Should work better with: https://github.com/zammad/zammad/commit/15a280b449ce7ec905385c81fe49a63356a4dc2a

If you already updated do:

  • curl -XDELETE ‘127.0.0.1:9200/zammad_production’
  • zammad run rake searchindex:rebuild

Neither of these suggestions helped for us, unfortunately. It appears the search index is never rebuilt correctly - after zammad run rake searchindex:rebuild, I have a delayed job, and when Zammad starts the message spam immediately begins again.

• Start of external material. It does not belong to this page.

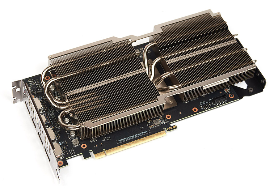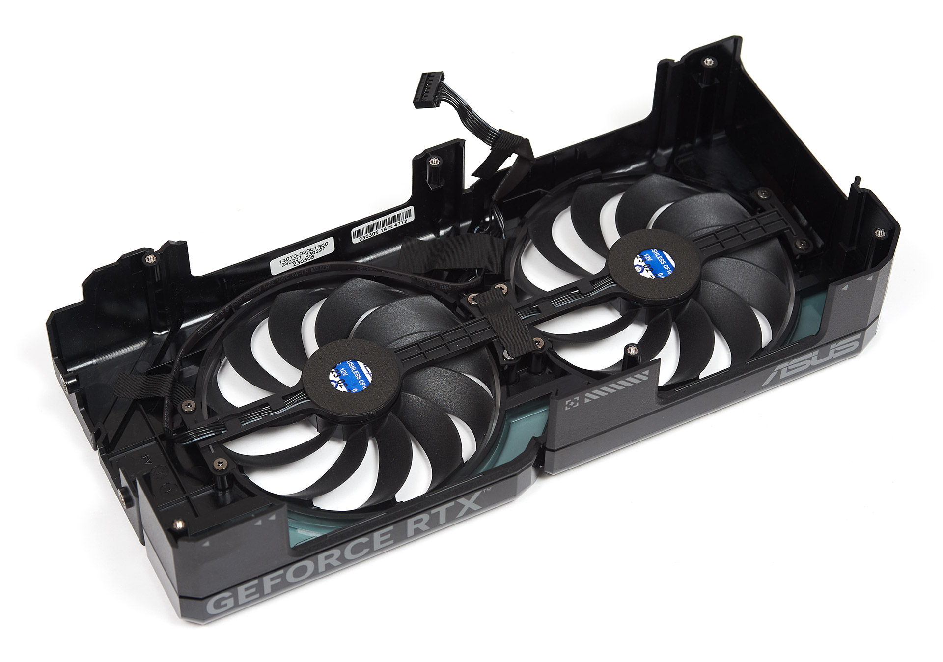 Для охолодження радіатора використовується два 95-мм вентилятори ASUS Axial-tech товщиною близько 10 мм та з 11 сильно загнутими лопатями, які об’єднані кільцем. В ньому використовуються дві кулькові вальниці що позитивно повинне вплинути на термін служби вентиляторів. Запускаються вони при нагріванні GPU до 55 градусів. На задній пластині є отвори, які дозволяють трохи поліпшити циркуляцію повітря всередині ПК.

Any workarounds in the meantime? Is it safe to downgrade Zammad? We’re running the latest development git package, which was probably a really bad idea. And what’s the recommended version of Elasticsearch? We have 5.6.5, when I upgraded recently I ran into problems. (Probably also the cause of this issue.)

We have several thousand users from LDAP which is critical for this installation, so if that’s a KO, please tell me so we can switch to another helpdesk.

Correction. It now works again - it fixed itself. It seems that the rebuilding by zammad run rake searchindex:rebuild is not final and it had to reindex all users after starting Zammad. That is now done, apparently, and the system is back to normal operation. (For now, at least.)

So for other people reading this, don’t immediately restart the process if you’re in our situation, wait for a while (depending on the amount of data you have).

1 Like

This topic was automatically closed 30 days after the last reply. New replies are no longer allowed.